Tuesday, February 15, 2011

TV REVIEW - BEN ELTON: LIVE FROM PLANET EARTH EP 2



Ben Elton started out the second episode of Live from Planet Earth by apologizing for the first one. Youch. I always think it’s a better option, if your show has been hammered in the press, to just ignore that and do a better show the next time around. Actions speak louder than words and all that. The show rated shockingly last time, but I wanted to give it a chance, so I'm back for round two and hoping for improvement.

The main criticism of the show last week that Elton responded to was that there was a prevalence of knob and vagina jokes that bordered on the pathological.

That was not what I saw the main criticism to be. The main criticism of the show, from myself and all the other reviewers I read, was that Ben Elton: Live from Planet Earth wasn’t funny. Knob and vagina jokes are fine if they’re funny – but improving the show isn’t about making it less crude, it’s about making it wittier and less obvious.


So this week Elton opened up with a Julia Gillard impersonation from Paul McCarthy that could have been brilliant in the right context but was killed by bad writing, framing and staging with a half-assed ‘The King’s Speech’ reference. Hey, we’re off to another cracking start!

Elton followed that up with ‘Bit of satire, ladies and gentlemen.’

No, that wasn’t satire, Ben. That was parody. Satire has a point. Also, there’s not much more insulting than someone explaining what kind of a joke the audience has just seen to the audience.
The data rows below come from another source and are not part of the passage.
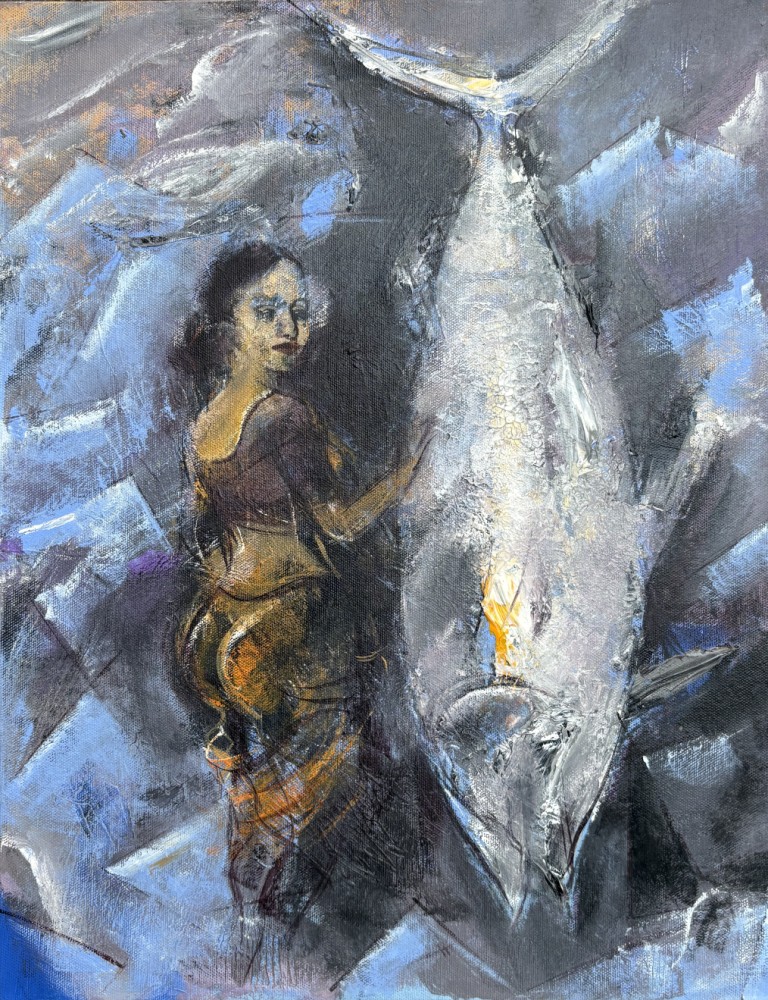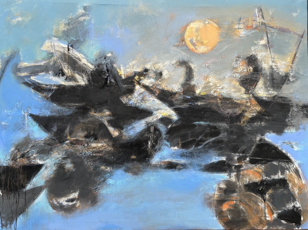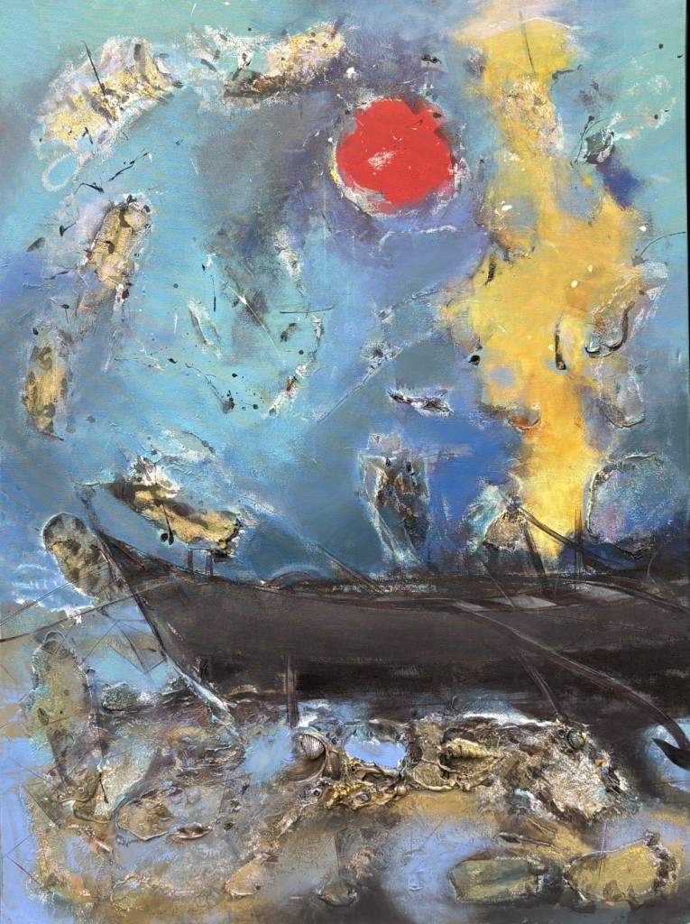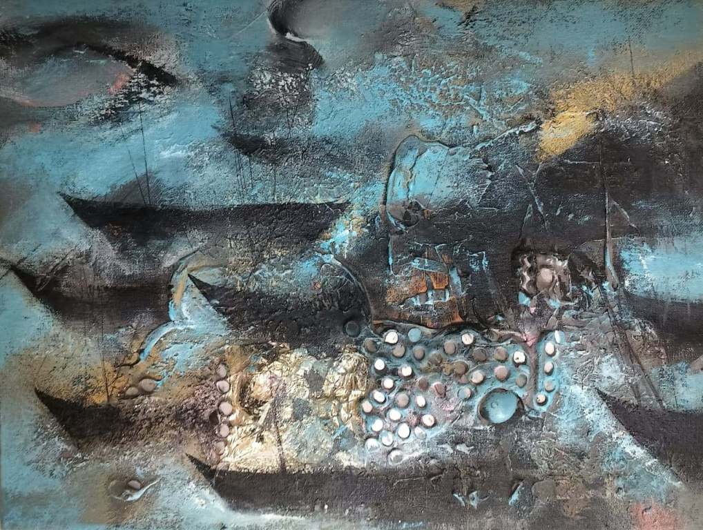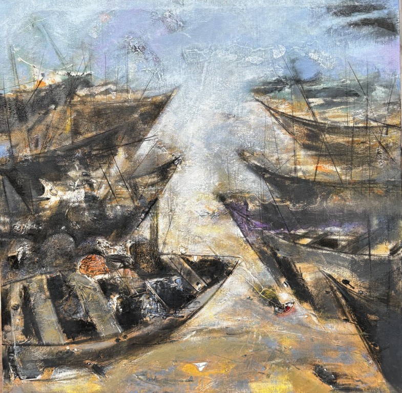 The exhibition immerses viewers in Goan life: the salty air heavy with feeling, the play of warm sunsets over the Arabian Sea, floating boats drifting across deep waters, and delicately adorned monuments watched over by angels symbolising purity and innocence. Colours flow like tides, shifting with spontaneity, mirroring both the sea’s temperament and the artist’s improvisational process.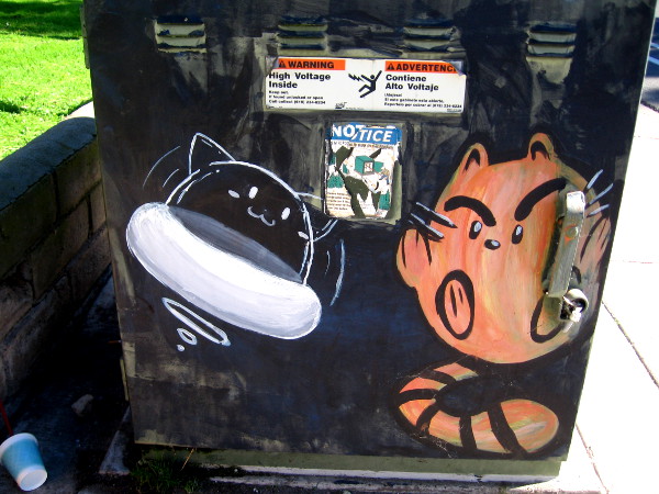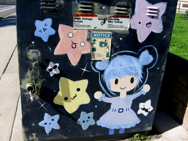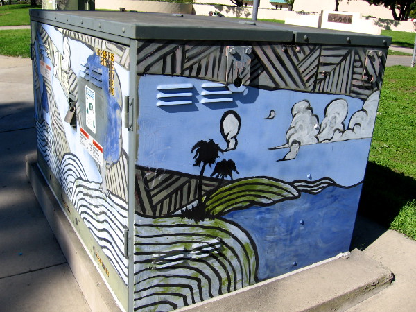 Lovely street art painted on a transformer box in Mira Mesa.A tree behind a white fence seems to bear pencils.Are mushrooms sprouting from the nearby grass?A seeming dream takes the form of mazy images. This street art is on a utility box near the intersection of Mira Mesa Boulevard and Camino Ruiz.Just a big heart and simple blocks of bright color.Looks like a Chargers bolt. Unfortunately, San Diego’s NFL football team bolted.One Love and many symbols atop a utility box in Mira Mesa.A painted Asian landscape. Mountains rise from turbulent water.Another side of the same dramatic box.A happy mug of coffee gives a wink near muffins, beneath musical notes.Happy food and drink!A happy face on a blue teacup!Kid with phonograph sits at base of a pagoda in this unique street art.A bunch of colored circles.A red, geometric, minimalist bit of street art.Colors pieced together like stained glass, and a rising koi on this utility box.Koi, water, sun and clouds.I can’t quite make out the beginning of what is written. I can read: Mira Mesa remain Strong, Brave and Proud!Two colorful electrical boxes along Mira Mesa Boulevard.Looks like a hip hop kid with a big funky cap.An old school phonograph!Looks like one of those trick squirting flowers.Two beautiful flowers.This puzzle-like street art looks both ancient and alien.A touching image of a young girl. She seems to sit alone on the sidewalk.Abstract hills, trees and blue beams of sunshine.More cool street art in Mira Mesa.A flying saucer cat and an orange tabby that doesn’t appear amused.A smiling girl astronaut among happy colorful stars.A dog in a space helmet joyfully rockets above a ringed planet.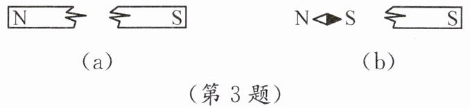 3. 如图(a)所示,一个条形磁体摔成两段,取右边的一段靠近小磁针,小磁针静止时的指向如图(b)所示,则右边一段裂纹处的磁极是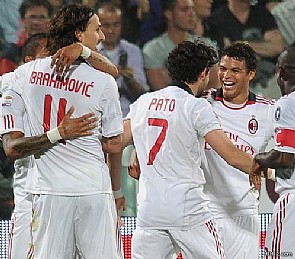 وضرب الميلان الذي استعاد خدمات مهاجمه السويدي زلاتان ابراهيموفيتش بعد انتهاء ايقافه لمباراتين لكنه لم ينعم بذلك كثيرا لانه طرد في اواخر المباراة ، بقوة منذ صافرة البداية وافتتح التسجيل في الدقيقة 8 عبر الهولندي المخضرم كلارنس سيدورف الذي وصلته الكرة عند حدود المنطقة بعد تمريرة رأسية من البرازيلي الكسندر باتو فاطلقها لاعب الوسط المخضرم صاروخية في شباك اصحاب الارض.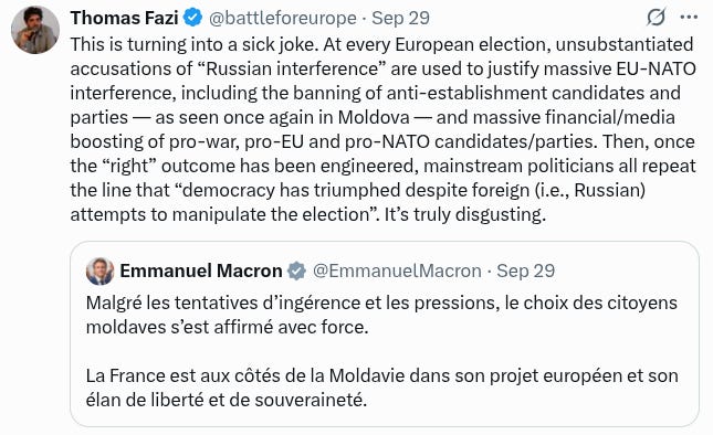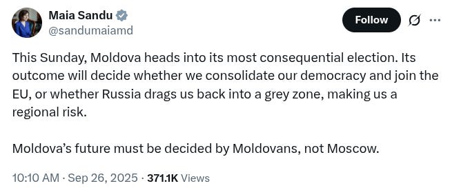 In one of the dumbest and most transparent information operations we have yet experienced, the EU has pulled out all the stops to ensure the “European future” of the tiny and impoverished nation of Moldova. Split between Romanian and Russian speakers after a long history of being pulled at from all sides, the Eurocrats have decided expanding into Moldova is a key priority for the bloc and have made up endless stories about how Russian pressure on this election was unprecedented. Leading the charge is Moldova’s “Pro-Western” President Maia Sandu, who was probably created in a test tube in the basement of Columbia SIPA, though they laundered her education off on the almost equally dreadful John F. Kennedy School at Harvard. The former central banker and World Bank employee has made an art form of screaming “Russia, Russia, Russia” in an attempt to bring Pantsuit Mafia government to Moldova [though it should be noted that she herself prefers a somewhat more old-fashioned dress suit.] I say art form, but she is more like a crude technician: no one could possibly believe her wild claims and like propagandists the world over in 2025, she doesn’t seem to care.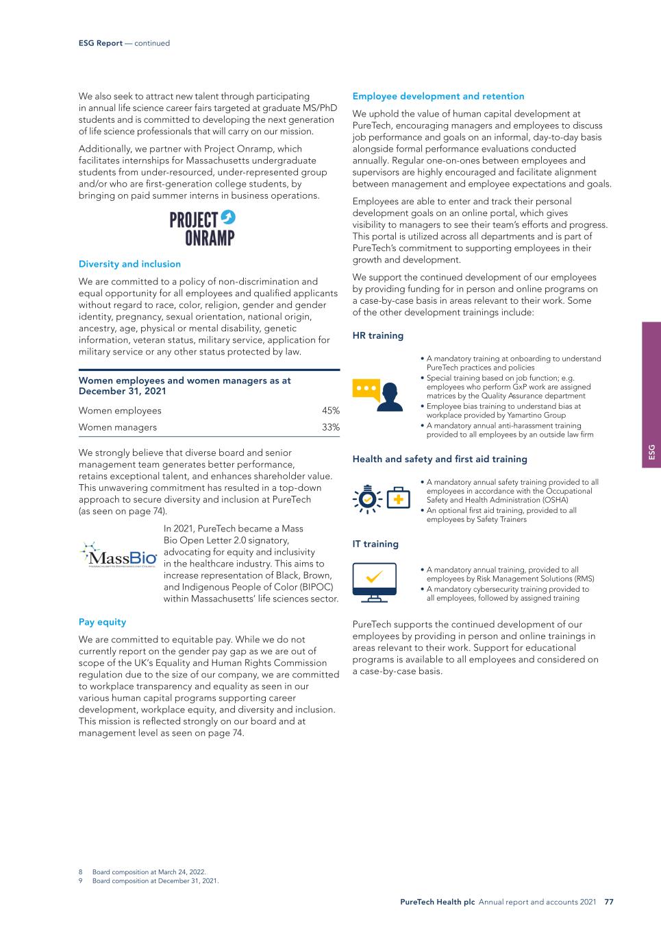 E SG PureTech Health plc Annual report and accounts 2021 77 ESG Report — continued Employee development and retention We uphold the value of human capital development at PureTech, encouraging managers and employees to discuss job performance and goals on an informal, day-to-day basis alongside formal performance evaluations conducted annually. Regular one-on-ones between employees and supervisors are highly encouraged and facilitate alignment between management and employee expectations and goals. Employees are able to enter and track their personal development goals on an online portal, which gives visibility to managers to see their team’s efforts and progress. This portal is utilized across all departments and is part of PureTech’s commitment to supporting employees in their growth and development. We support the continued development of our employees by providing funding for in person and online programs on a case-by-case basis in areas relevant to their work. Some of the other development trainings include: HR training • A mandatory training at onboarding to understand PureTech practices and policies • Special training based on job function; e.g. employees who perform GxP work are assigned matrices by the Quality Assurance department • Employee bias training to understand bias at workplace provided by Yamartino Group • A mandatory annual anti-harassment training provided to all employees by an outside law firm Health and safety and first aid training • A mandatory annual safety training provided to all employees in accordance with the Occupational Safety and Health Administration (OSHA) • An optional first aid training, provided to all employees by Safety Trainers IT training • A mandatory annual training, provided to all employees by Risk Management Solutions (RMS) • A mandatory cybersecurity training provided to all employees, followed by assigned training PureTech supports the continued development of our employees by providing in person and online trainings in areas relevant to their work. Support for educational programs is available to all employees and considered on a case-by-case basis. We also seek to attract new talent through participating in annual life science career fairs targeted at graduate MS/PhD students and is committed to developing the next generation of life science professionals that will carry on our mission. Additionally, we partner with Project Onramp, which facilitates internships for Massachusetts undergraduate students from under-resourced, under-represented group and/or who are first-generation college students, by bringing on paid summer interns in business operations. Diversity and inclusion We are committed to a policy of non-discrimination and equal opportunity for all employees and qualified applicants without regard to race, color, religion, gender and gender identity, pregnancy, sexual orientation, national origin, ancestry, age, physical or mental disability, genetic information, veteran status, military service, application for military service or any other status protected by law. Women employees and women managers as at December 31, 2021 Women employees 45% Women managers 33% We strongly believe that diverse board and senior management team generates better performance, retains exceptional talent, and enhances shareholder value. This unwavering commitment has resulted in a top-down approach to secure diversity and inclusion at PureTech (as seen on page 74). In 2021, PureTech became a Mass Bio Open Letter 2.0 signatory, advocating for equity and inclusivity in the healthcare industry. This aims to increase representation of Black, Brown, and Indigenous People of Color (BIPOC) within Massachusetts’ life sciences sector. Pay equity We are committed to equitable pay. While we do not currently report on the gender pay gap as we are out of scope of the UK’s Equality and Human Rights Commission regulation due to the size of our company, we are committed to workplace transparency and equality as seen in our various human capital programs supporting career development, workplace equity, and diversity and inclusion. This mission is reflected strongly on our board and at management level as seen on page 74. 8 Board composition at March 24, 2022. 9 Board composition at December 31, 2021.
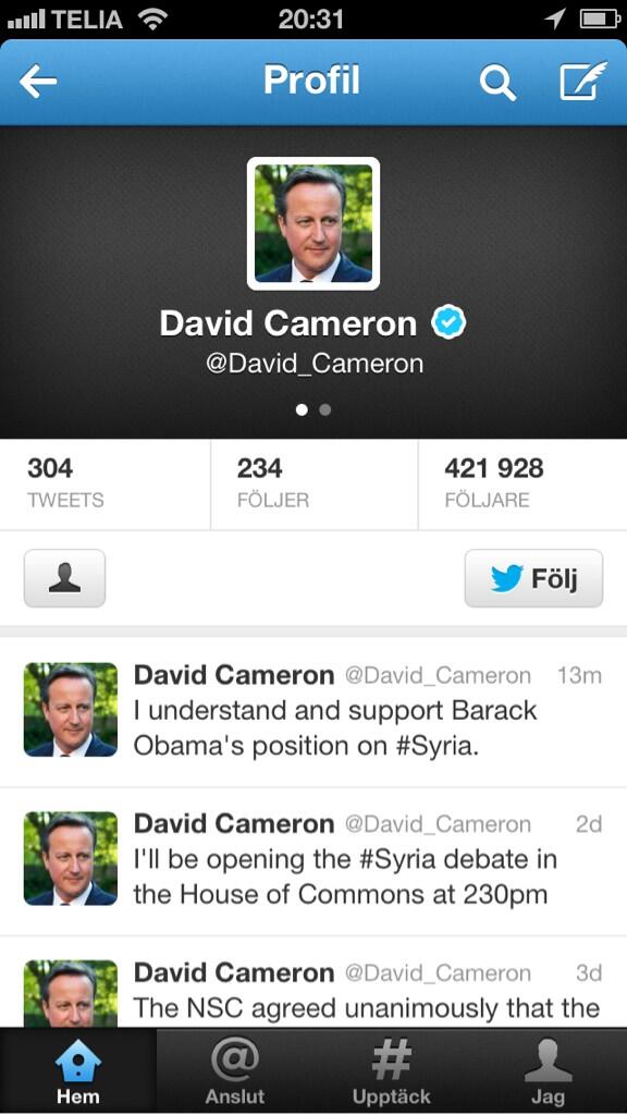 Om man läser de två senaste tweeten från @David_Cameron undrar man om det är ett bra omen för Obamapic.twitter.com/ELhKar6Lrr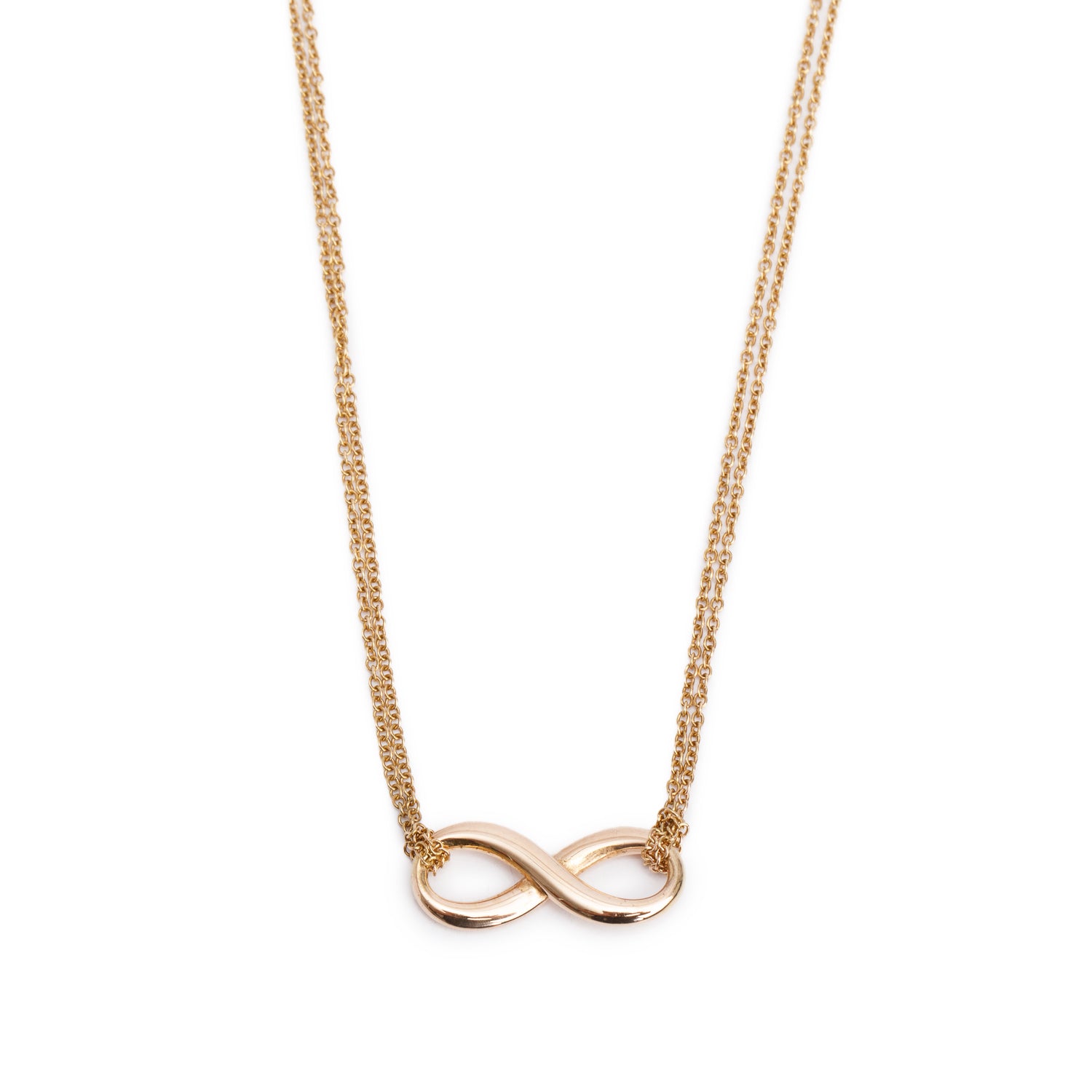 18k Yellow Gold Double Chain Infinity Pendant Necklace w/ Box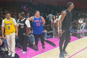 賽前阿德巴約來到場上熱身,場邊三位球迷分別穿著科比、阿德巴約和張伯倫的球衣亮相。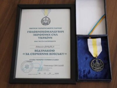 Нагороду було передано за дорученням командування 14-го армійського корпусу. Про це повідомив Віталій Фреяк на своїй офіційній сторінці.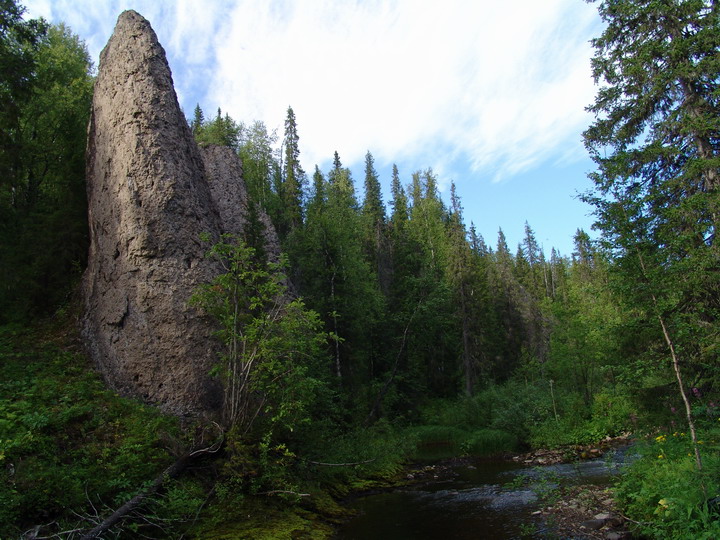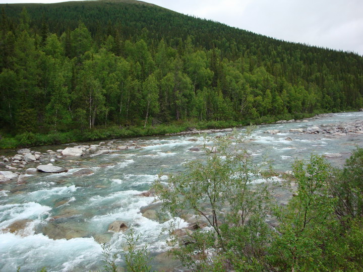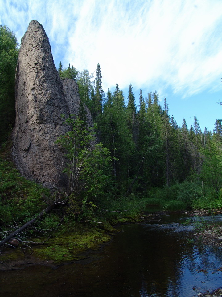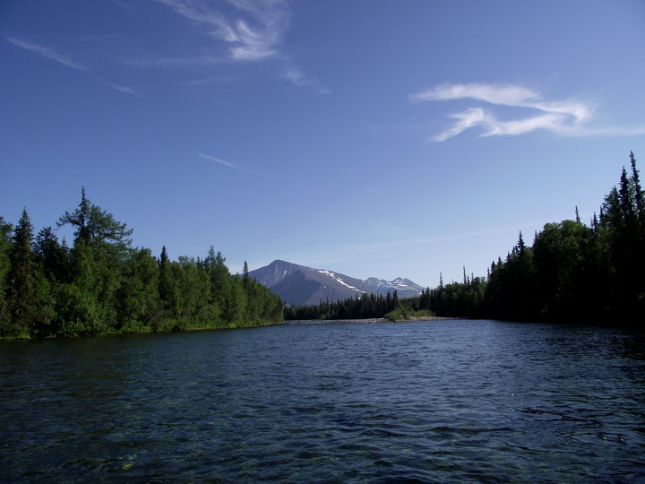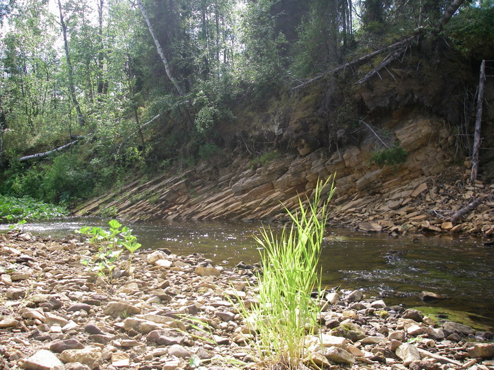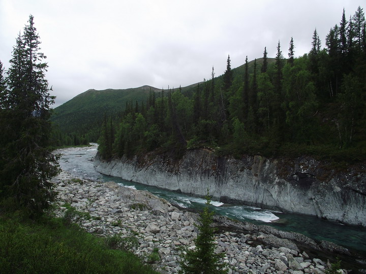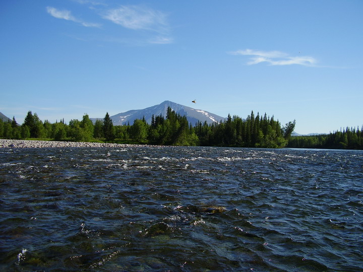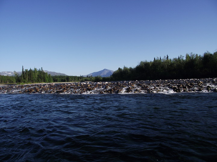 Прошли устье Вангыра, с кормящимися кумжатами. Изба Мезенцева, практически остатки от неё. Течение действительно усилилось, но не так, что бы очень. Такими темпами, сотню…? Хм… Ну на фига вперёд заглядывать? Гребёшь? И греби! Дорогу осилит идущий! Дорога в тысячу ли начинается с одного шага! Глаза страшатся, а руки делают! В общем, в мозгу должна находиться простейшая программа, типа «выполняешь следующий гребок, пока не покажется Изьяю», и никаких отвлекающих моментов, типа размышлений о том, сколько пройдено и сколько ещё осталось, и сколько времени потребуется на оставшееся с учётом времени, затраченного на пройденное...

Then Elton decided to have a crack at Twitter. He actually hit on a fairly funny idea – what if Twitter had been around in Shakespearean times? Maybe Hamlet would have never got off the ground? That’s a funny idea – though he didn’t really take it to its extreme – but I want to address the theory.

Twitter has no effect on whether a show is successful. Sure, it can be a very annoying outlet where Average Joe can have a crack at anything he wants for no reason, but bad shows have been successful and good shows have failed, and vice-versa, since THE BEGINNING OF TELEVISION. Twitter is not to blame for your show not getting out of the blocks – the quality of the show and its ratings will always be the most determining factors. I don’t like Twitter much either, but having a go at it on national television just seems petulant.

Other cringe-worthy moments include Ben Elton pointing out to us that which was painfully obvious – that PEOPLE WHO WERE IN THE SKETCH YOU JUST SAW WERE TOTALLY OMG THE PEOPLE WHO WERE IN A SKETCH TEN MINUTES EARLIER IN A DIFFERENT WIG. THE MAGIC OF LIVE TELEVISION IS SO MUCH BETTER THAN CANNED LAUGHTER AMERICAN COMEDIES. It just got painful after a while.  Especially given that Two and Half Men is Channel Nine’s most popular show.

Other thoughts:
-                Girl Flat was just as messy as last time, though occasionally more funny than the first time around. I really like Veronica Milsom’s Lady Gaga, as it actually feels like a character rather than a caricature.
-                Elton continued begging for the audience to stay tuned after the break, next week etc. It’s bordering on the desperate. Also desperate, describing his one successful sketch from week one (Elaine Front) as ‘celebrated’, only to watch it groan under the weight of Kris Smith’s charisma vacuum.
-                Most of Ben Elton’s stand-up material isn’t new, but that’s not a bad thing. If you’ve read his books, you’ll have heard most of it before. It’s more suited to Grumpy Old Men than groundbreaking live sketch comedy.
-                Apart from the last line, I don’t think there were any laughs at the Big Miner sketch. The singer/rapper one was better but suffered from being a sketch that would have been current in 2001.
-                Tim Minchin was amusing, which was an improvement over most of the show.

Overall, the show was a mild improvement over last week, mainly because there were less sketches and they were given a bit more time to breathe. I still didn’t laugh though, save for a mild giggle at Elaine Front.  Less knob gags, same amount of laughs. Last week I was kind because I thought this show was doing good things and I want to give live Aussie comedy a chance. But that live Aussie comedy should be Adam Hills in Gordon Street tonight. It’s much, much better.